Source data
________

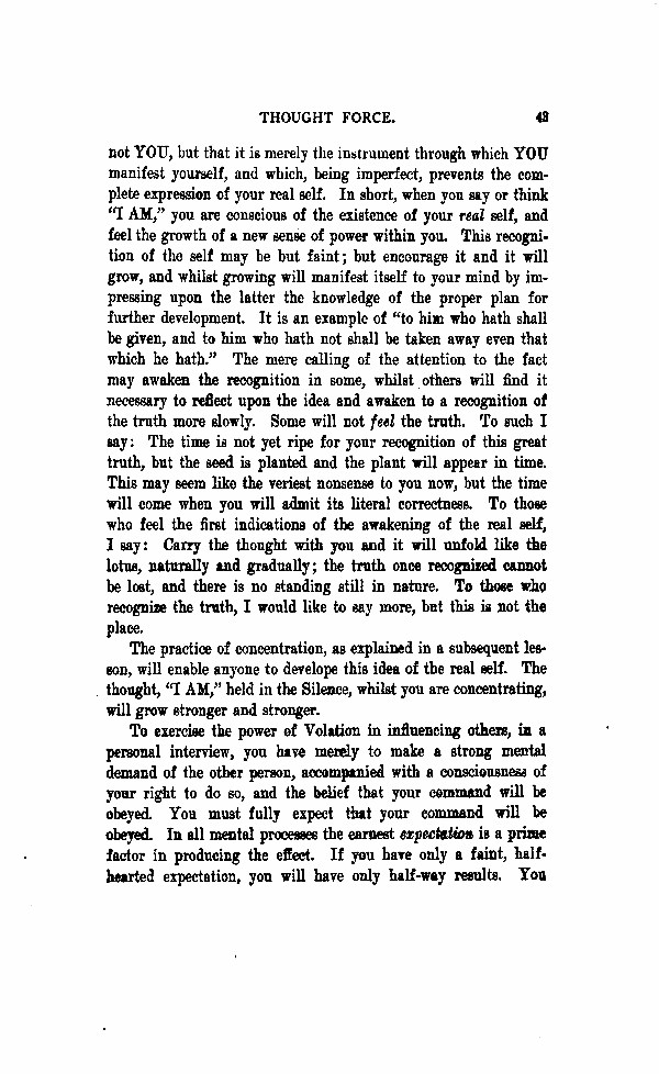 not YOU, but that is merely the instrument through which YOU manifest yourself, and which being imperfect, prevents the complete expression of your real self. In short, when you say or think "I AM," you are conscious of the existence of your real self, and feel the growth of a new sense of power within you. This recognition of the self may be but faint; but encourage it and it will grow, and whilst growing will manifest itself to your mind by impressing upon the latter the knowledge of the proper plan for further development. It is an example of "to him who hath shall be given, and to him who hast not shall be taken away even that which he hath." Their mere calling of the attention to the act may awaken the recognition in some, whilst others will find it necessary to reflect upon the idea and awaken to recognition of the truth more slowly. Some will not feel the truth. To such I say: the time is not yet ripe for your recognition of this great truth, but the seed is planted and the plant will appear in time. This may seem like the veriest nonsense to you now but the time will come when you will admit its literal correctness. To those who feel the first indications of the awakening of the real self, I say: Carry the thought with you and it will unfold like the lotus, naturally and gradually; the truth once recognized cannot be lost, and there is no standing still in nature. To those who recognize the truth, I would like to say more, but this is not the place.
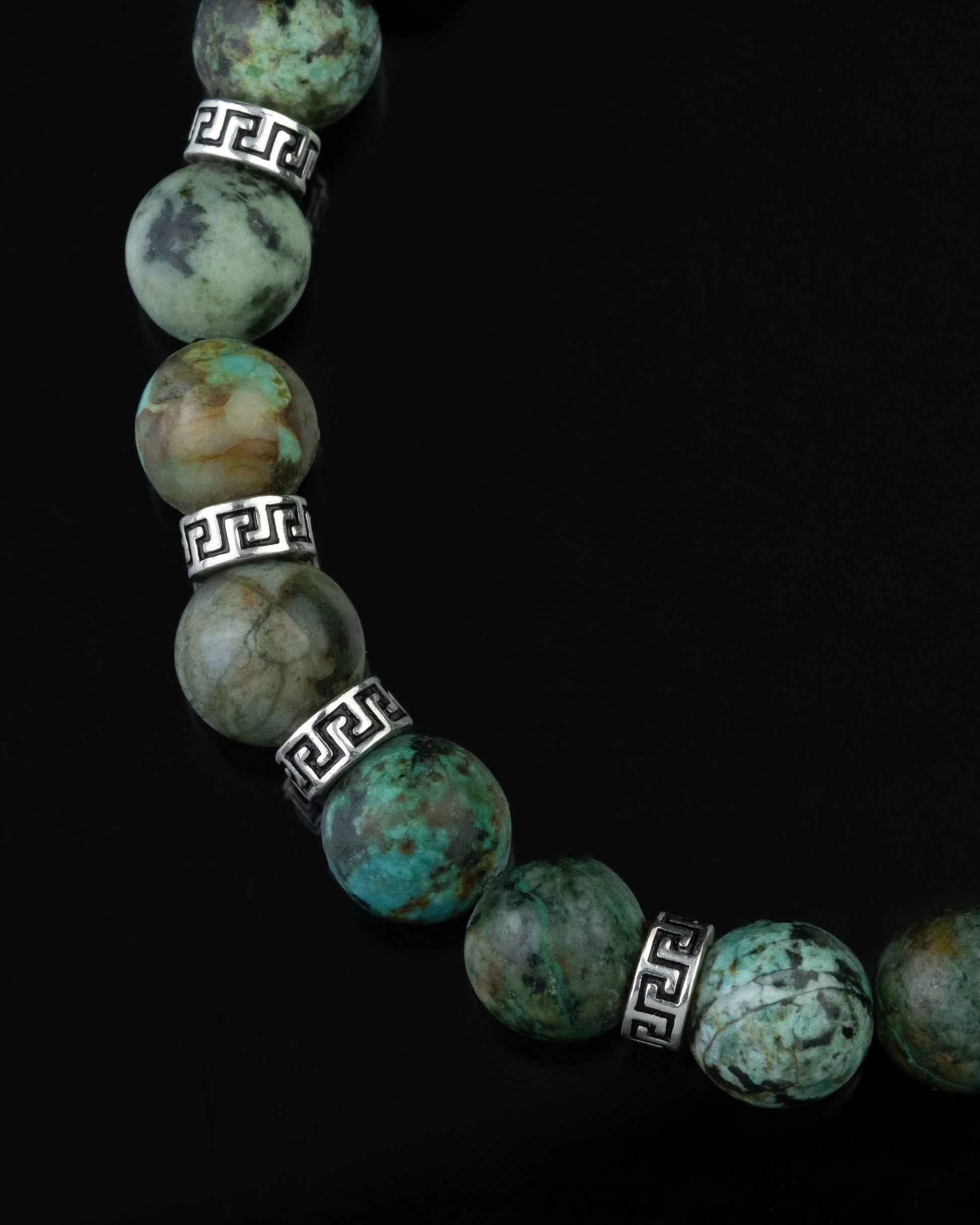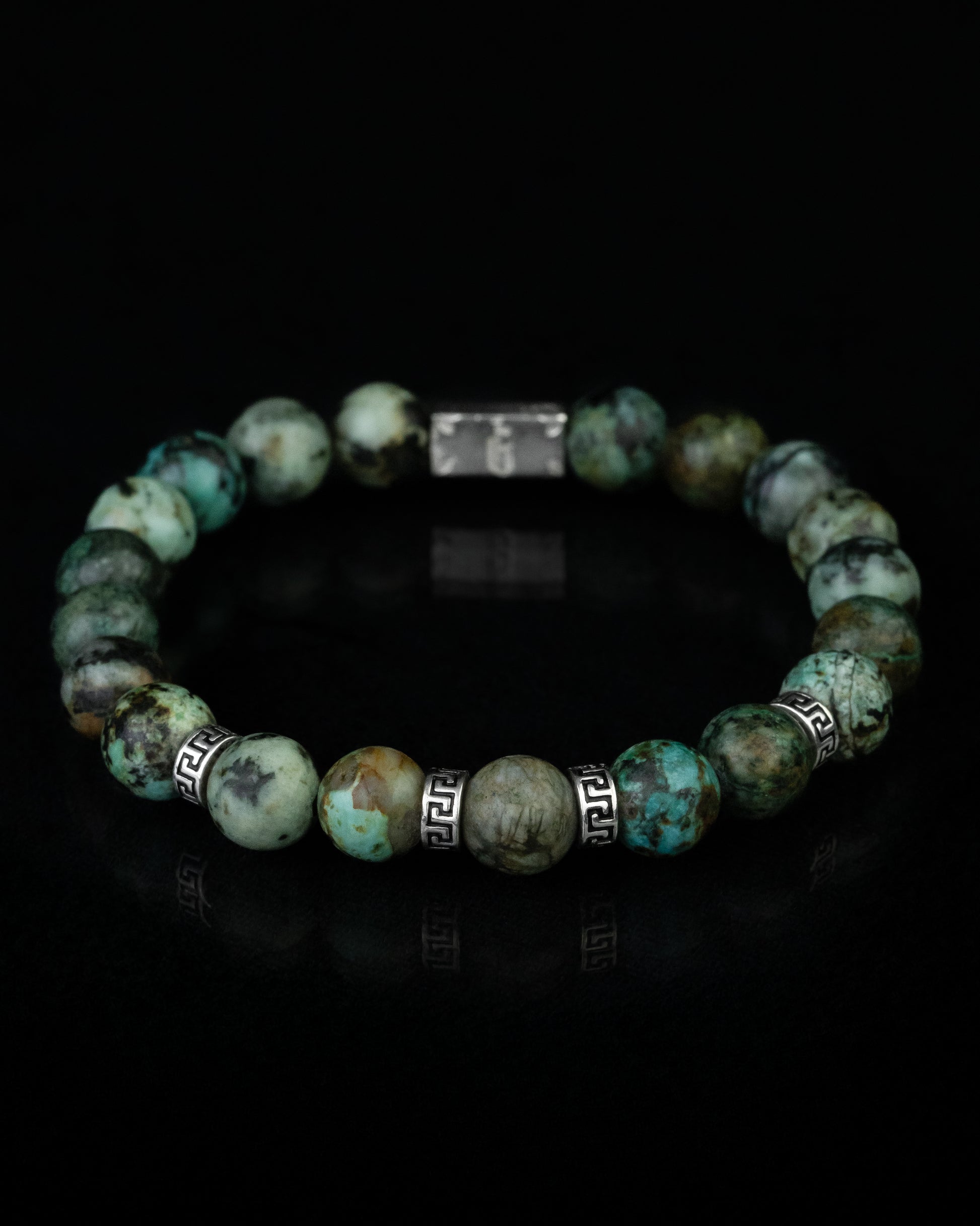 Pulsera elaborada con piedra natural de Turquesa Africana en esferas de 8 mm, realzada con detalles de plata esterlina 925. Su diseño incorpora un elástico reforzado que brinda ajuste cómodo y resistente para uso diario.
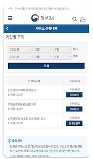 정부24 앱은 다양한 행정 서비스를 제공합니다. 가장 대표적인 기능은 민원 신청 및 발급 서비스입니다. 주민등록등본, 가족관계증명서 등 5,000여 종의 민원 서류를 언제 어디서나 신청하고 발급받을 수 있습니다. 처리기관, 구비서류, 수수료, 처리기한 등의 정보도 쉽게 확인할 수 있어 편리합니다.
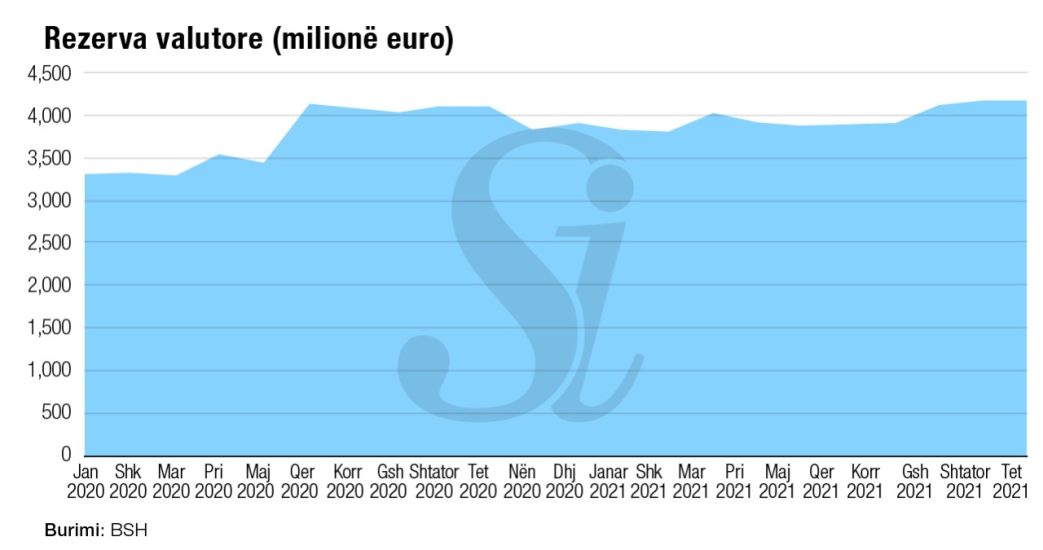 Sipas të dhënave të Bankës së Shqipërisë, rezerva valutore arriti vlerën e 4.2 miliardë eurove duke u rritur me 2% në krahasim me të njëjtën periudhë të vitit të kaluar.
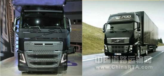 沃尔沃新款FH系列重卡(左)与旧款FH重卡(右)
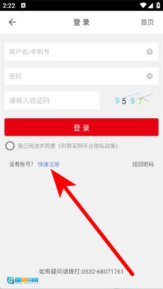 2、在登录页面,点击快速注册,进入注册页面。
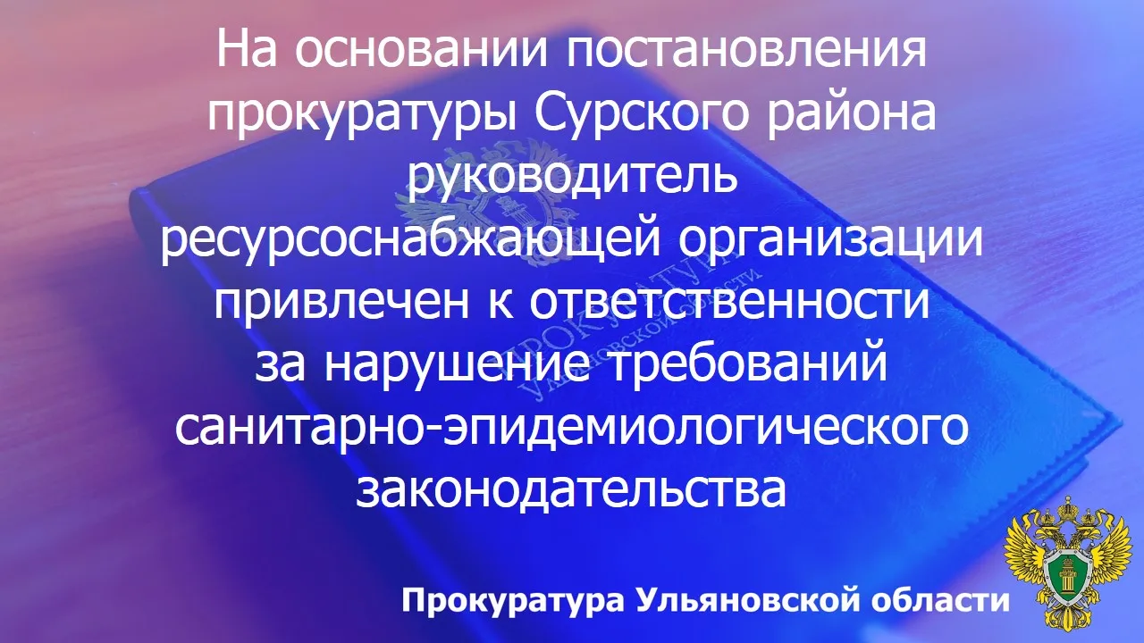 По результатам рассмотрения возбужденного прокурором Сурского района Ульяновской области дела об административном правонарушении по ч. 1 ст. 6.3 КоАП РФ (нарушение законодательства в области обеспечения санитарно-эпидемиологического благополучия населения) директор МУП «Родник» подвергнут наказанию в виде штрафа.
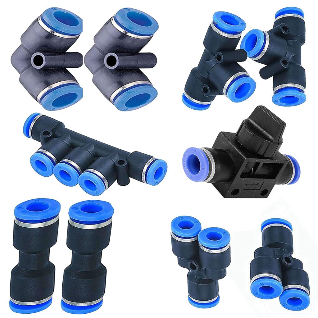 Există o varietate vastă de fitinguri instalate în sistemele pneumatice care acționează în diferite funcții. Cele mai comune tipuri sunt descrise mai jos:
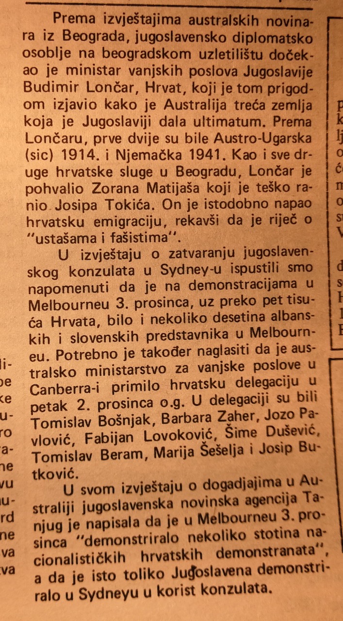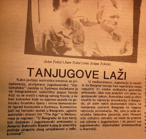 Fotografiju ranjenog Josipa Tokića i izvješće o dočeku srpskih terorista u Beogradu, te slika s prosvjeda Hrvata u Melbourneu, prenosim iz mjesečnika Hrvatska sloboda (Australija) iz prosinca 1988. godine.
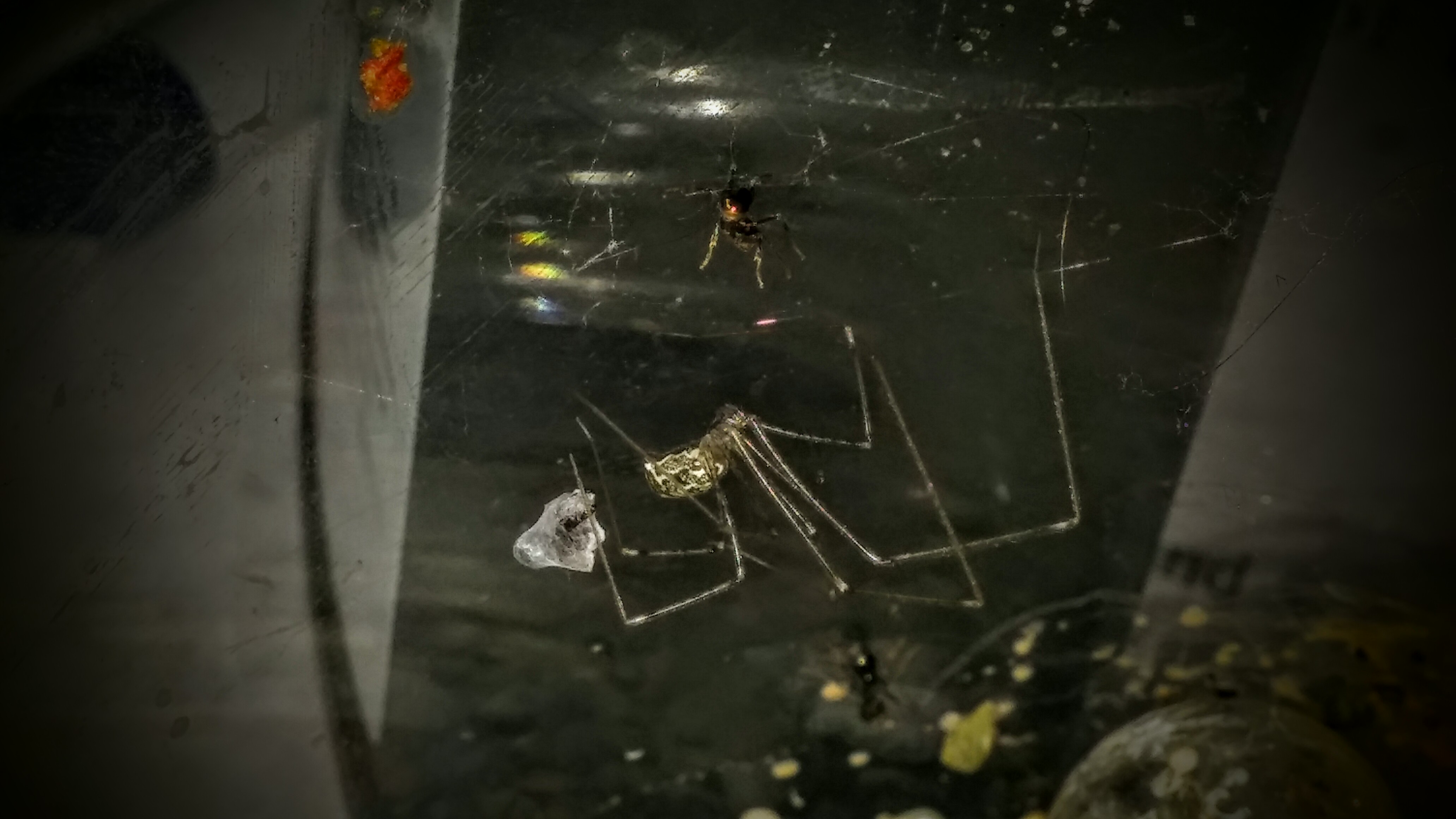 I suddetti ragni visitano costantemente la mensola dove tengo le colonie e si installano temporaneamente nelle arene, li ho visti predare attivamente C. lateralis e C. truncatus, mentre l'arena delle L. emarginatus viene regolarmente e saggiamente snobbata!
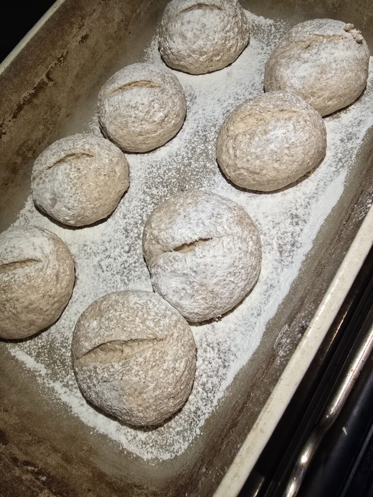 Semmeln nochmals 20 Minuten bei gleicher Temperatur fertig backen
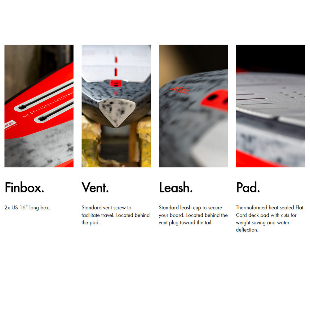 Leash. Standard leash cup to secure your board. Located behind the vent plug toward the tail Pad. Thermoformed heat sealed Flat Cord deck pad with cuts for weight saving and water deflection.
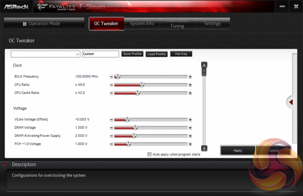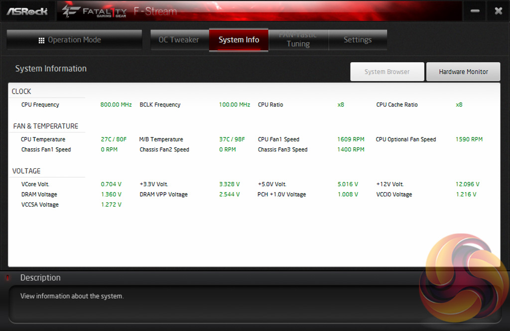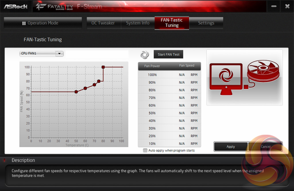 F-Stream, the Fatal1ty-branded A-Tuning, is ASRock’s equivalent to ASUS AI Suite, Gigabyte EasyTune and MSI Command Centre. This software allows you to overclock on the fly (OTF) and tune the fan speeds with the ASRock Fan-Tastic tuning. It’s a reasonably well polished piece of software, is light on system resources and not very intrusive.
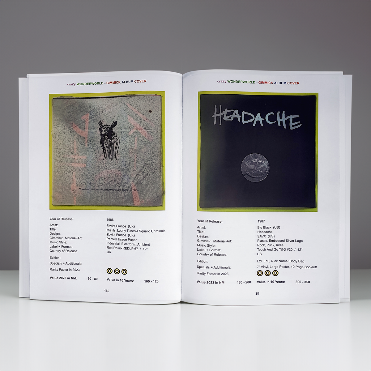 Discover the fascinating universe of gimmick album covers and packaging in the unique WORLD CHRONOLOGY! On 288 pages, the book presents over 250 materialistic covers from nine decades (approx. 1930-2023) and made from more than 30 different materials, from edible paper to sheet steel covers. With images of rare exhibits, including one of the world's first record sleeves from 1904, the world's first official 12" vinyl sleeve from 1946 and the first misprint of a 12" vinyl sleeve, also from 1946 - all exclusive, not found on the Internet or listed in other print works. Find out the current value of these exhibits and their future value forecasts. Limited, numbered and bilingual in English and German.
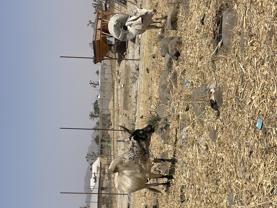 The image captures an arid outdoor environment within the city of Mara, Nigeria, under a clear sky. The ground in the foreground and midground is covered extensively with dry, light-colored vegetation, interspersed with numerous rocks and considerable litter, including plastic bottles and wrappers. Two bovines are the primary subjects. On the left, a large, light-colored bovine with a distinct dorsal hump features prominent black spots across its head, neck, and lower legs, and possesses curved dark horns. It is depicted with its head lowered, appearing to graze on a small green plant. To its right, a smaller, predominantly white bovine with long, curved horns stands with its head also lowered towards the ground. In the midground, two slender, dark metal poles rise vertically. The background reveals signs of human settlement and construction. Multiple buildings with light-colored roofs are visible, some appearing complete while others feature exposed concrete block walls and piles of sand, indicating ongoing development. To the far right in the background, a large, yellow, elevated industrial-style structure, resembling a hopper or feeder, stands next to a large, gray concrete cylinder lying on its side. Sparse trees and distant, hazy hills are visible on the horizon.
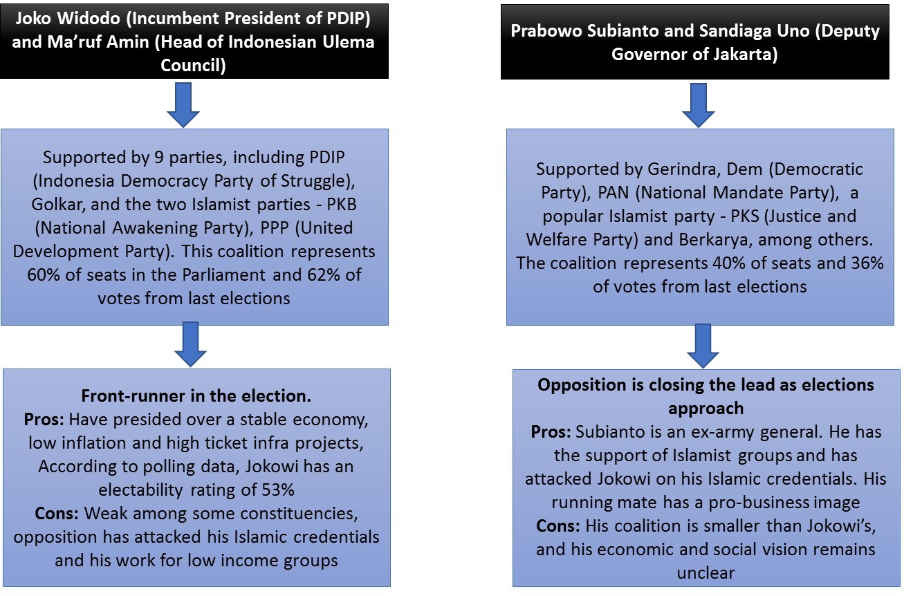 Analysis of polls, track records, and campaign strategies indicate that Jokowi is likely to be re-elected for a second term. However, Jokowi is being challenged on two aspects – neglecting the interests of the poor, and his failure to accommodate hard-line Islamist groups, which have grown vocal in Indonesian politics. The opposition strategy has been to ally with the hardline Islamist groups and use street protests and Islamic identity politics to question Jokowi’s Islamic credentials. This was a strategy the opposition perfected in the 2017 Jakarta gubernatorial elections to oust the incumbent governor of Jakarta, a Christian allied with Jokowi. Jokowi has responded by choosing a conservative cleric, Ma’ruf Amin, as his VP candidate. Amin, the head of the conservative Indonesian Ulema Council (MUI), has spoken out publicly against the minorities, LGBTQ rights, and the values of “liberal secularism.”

________

**Requirement:** Only one stretch of the entries above is needed: the lines from the one containing "2、在登录页面,点击快速注册,进入注册页面。" through the one containing "Există o varietate". Copy it exactly, without the pictures.

**Result of this exercise:**
 2、在登录页面,点击快速注册,进入注册页面。
 По результатам рассмотрения возбужденного прокурором Сурского района Ульяновской области дела об административном правонарушении по ч. 1 ст. 6.3 КоАП РФ (нарушение законодательства в области обеспечения санитарно-эпидемиологического благополучия населения) директор МУП «Родник» подвергнут наказанию в виде штрафа.
 Există o varietate vastă de fitinguri instalate în sistemele pneumatice care acționează în diferite funcții. Cele mai comune tipuri sunt descrise mai jos:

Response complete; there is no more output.